HOLOPIS.COM, JAKARTA – Komisi Pemberantasan Korupsi (KPK) sampai saat ini masih menelusuri aliran dana Lukas Enembe yang dilaporkan untuk biaya makan dan minum.
Plt Deputi Penindakan dan Eksekusi, Asep Guntur mengatakan, pihaknya masih kesulitan untuk menelusuri dana makan dan minum yang setiap harinya bisa menghabiskan Rp 1 miliar.
“Karena kegiatannya kan satu provinsi, sebelum kemarin ada pemekaran provinsi ya, daerah otonomi baru/DOB,” kata Asep dalam keterangannya yang dikutip Holopis.com, Kamis (29/6).
Permasalahan yang paling utama adalah karena lokasi yang dilaporkan Lukas Enembe terbilang sulit untuk diakses transportasi.
“Bisa ke pegunungan, mungkin juga ya karena dengan transportasi yang saat ini belum begitu lancar. Karena harus antarkabupaten dengan pesawat akhirnya mungkin menjadi ada kelebihan harga di situ,” ujarnya.
Asep pun menambahkan, upaya yang dilakukan penyidik pun saat ini mengklarifikasi satu persatu restoran yang dilaporkan oleh kader partai Demokrat itu.

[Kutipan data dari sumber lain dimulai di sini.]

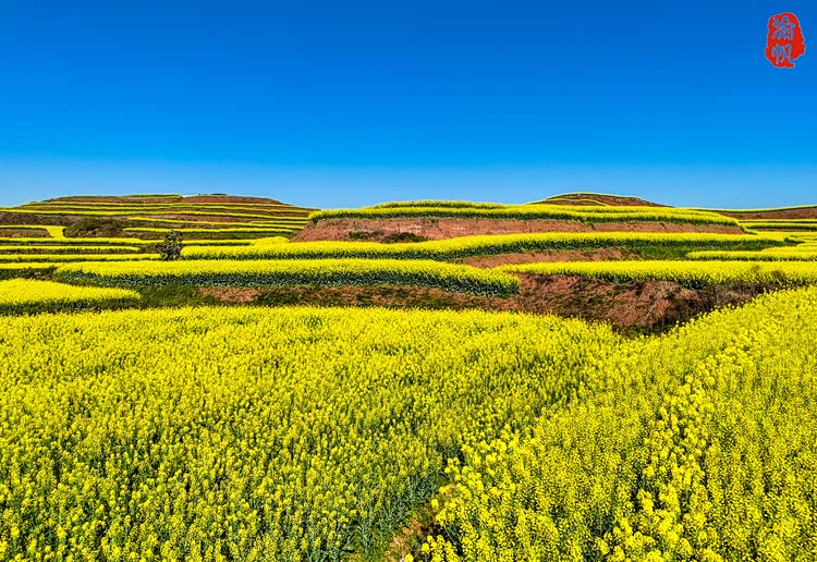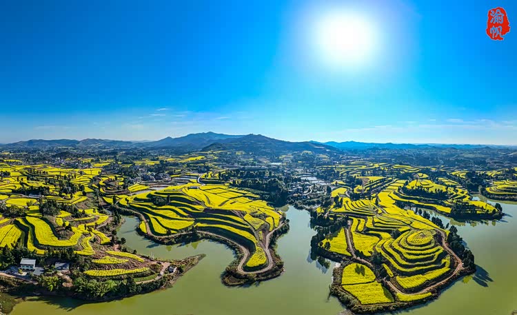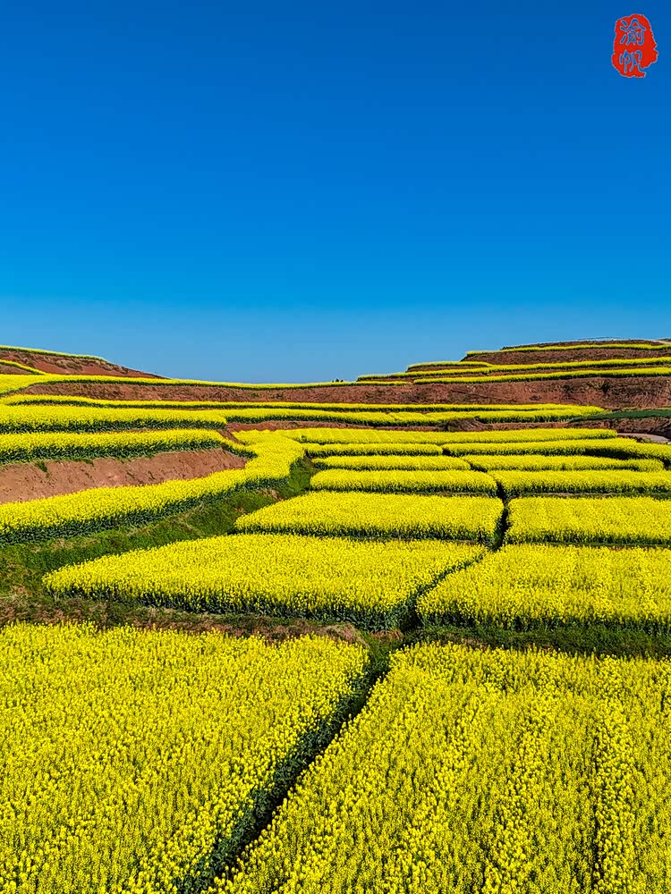 站在高处俯瞰,层层叠叠的梯田顺着山势蜿蜒,像大地铺展开的金色褶皱。每一块田埂都被油菜花填得满满当当,明黄的花瓣在阳光下泛着绒绒的光,从山脚一直铺到远处的黛色山巅。几汪碧绿的湖水嵌在花海之间,像被遗落的翡翠,将蓝天、白云与漫山的金黄都揉进了水里。风一吹,花浪便顺着梯田的纹路起伏,带着春日的暖意掠过脸颊,连远处的村落都被染成了温柔的模样,白墙黛瓦在花海中若隐若现,像极了陶渊明笔下的世外桃源。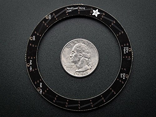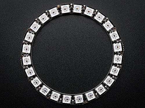 Round and round and round they go! 24 ultra bright smart LED NeoPixels are arranged in a circle with 2.6" (66mm) outer diameter. The rings are 'chainable' - connect the output pin of one to the input pin of another. Use only one microcontroller pin to control as many as you can chain together! Each LED is addressable as the driver chip is inside the LED. Each one has ~18mA constant current drive so the color will be very consistent even if the voltage varies, and no external choke resistors are required making the design slim. Power the whole thing with 5VDC and you're ready to rock.There is a single data line with a very timing-specific protocol. Since the protocol is very sensitive to timing, it requires a real-time microconroller such as an AVR, Arduino, PIC, mbed, etc. It cannot be used with a Linux-based microcomputer or interpreted microcontroller such as the netduino or Basic Stamp. Our wonderfully-written Neopixel library for Arduino supports these pixels! As it requires hand-tuned assembly it is only for AVR cores but others may have ported this chip driver code so please google around. An 8MHz or faster processor is required.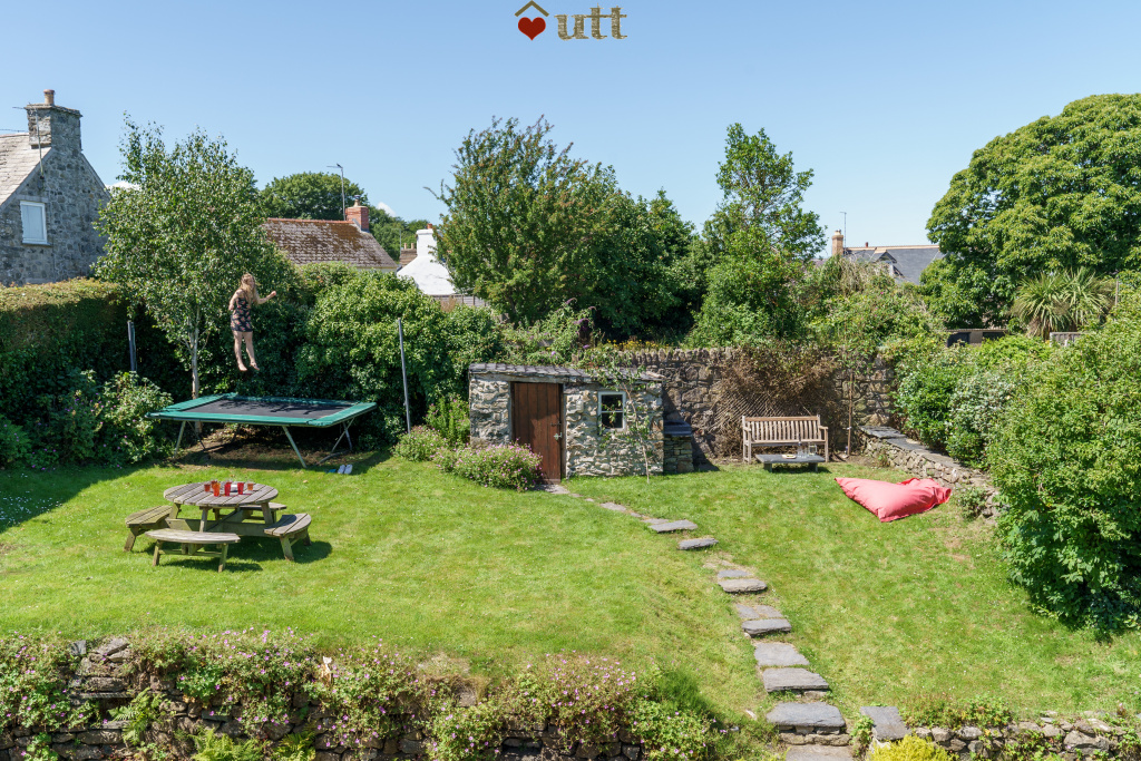 - Slate slab steps lead to a large lawned garden which is bathed in sunshine for most of the day, with distant views of the sea in front and the castle and Carn Ingli behind. Garden bench.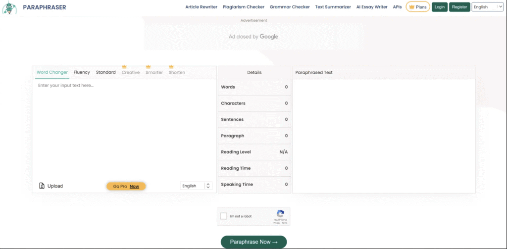 7. Paraphraser.io: Best QuillBot Alternative for Quick Free Paraphrasing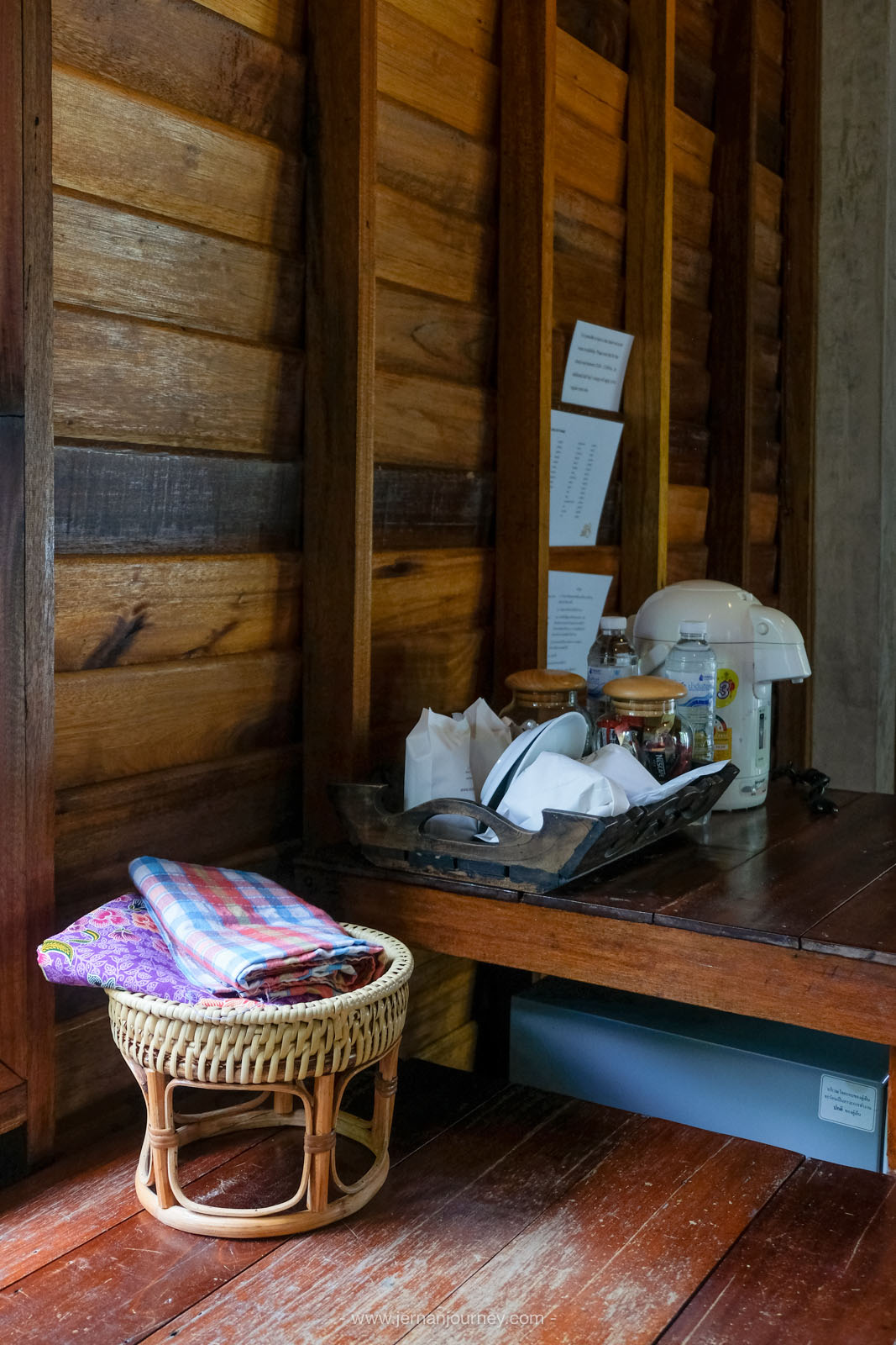 ในห้องพักก็มีสิ่งอำนวยความสะดวกครบครัน ไม่ว่าจะเป็นไดร์เป่าผม กาต้มน้ำร้อน ชา กาแฟ จาน สบู่ แชมพู ชุดคลุมอาบน้ำ รองเท้า ร่ม รวมไปถึงมีเสื่อและผ้าขาวม้าให้ยืมเป็นพร้อพด้วย ประทับใจสุด

“Kita sedang coba untuk klarifikasi, datang ke rumah makan apakah benar ini tanggal sekian pesan makan di sini, berapa banyaknya, jumlahnya. Kalau pun memang benar, apakah benar sampai Rp 1 miliar satu hari itu kan yang perlu kita klarifikasi,” jelasnya.
Sebelumnya diberitakan, Komisi Pemberantasan Korupsi (KPK) mengklaim bahwa Lukas Enembe telah memanfaatkan anggaran APBD sewaktu menjabat sebagai Gubernur Papua untuk kepentingan pribadinya.
Wakil Ketua KPK, Alexander Marwata mengungkapkan, kader partai Demokrat itu bahkan diketahui sempat berjudi di Singapura dengan modal dari hasi menyunat anggaran APBD.
“Dari sisi aliran dana itu yang mungkin bisa kita lihat sebesar besar dana yang digunakan oleh yang bersangkutan untuk berjudi. Dari mana dana-dana itu diperoleh sejauh ini memang sebagian besar berasal dari penyalahgunaan APBD,” kata Alex Selasa (27/6).
Menurut Alex, selama tiga tahun terakhir sejak tahun 2019 sampai 2022, Lukas Enembe selalu melaporkan penggunaan dana operasional mencapai Rp 1 triliun.
“Tiap tahun dana operasional yang bersangkutan itu Rp 1 triliun lebih. Itu jauh lebih tinggi dari ketentuan yang ditetapkan oleh Kementerian Dalam Negeri,” ungkapnya.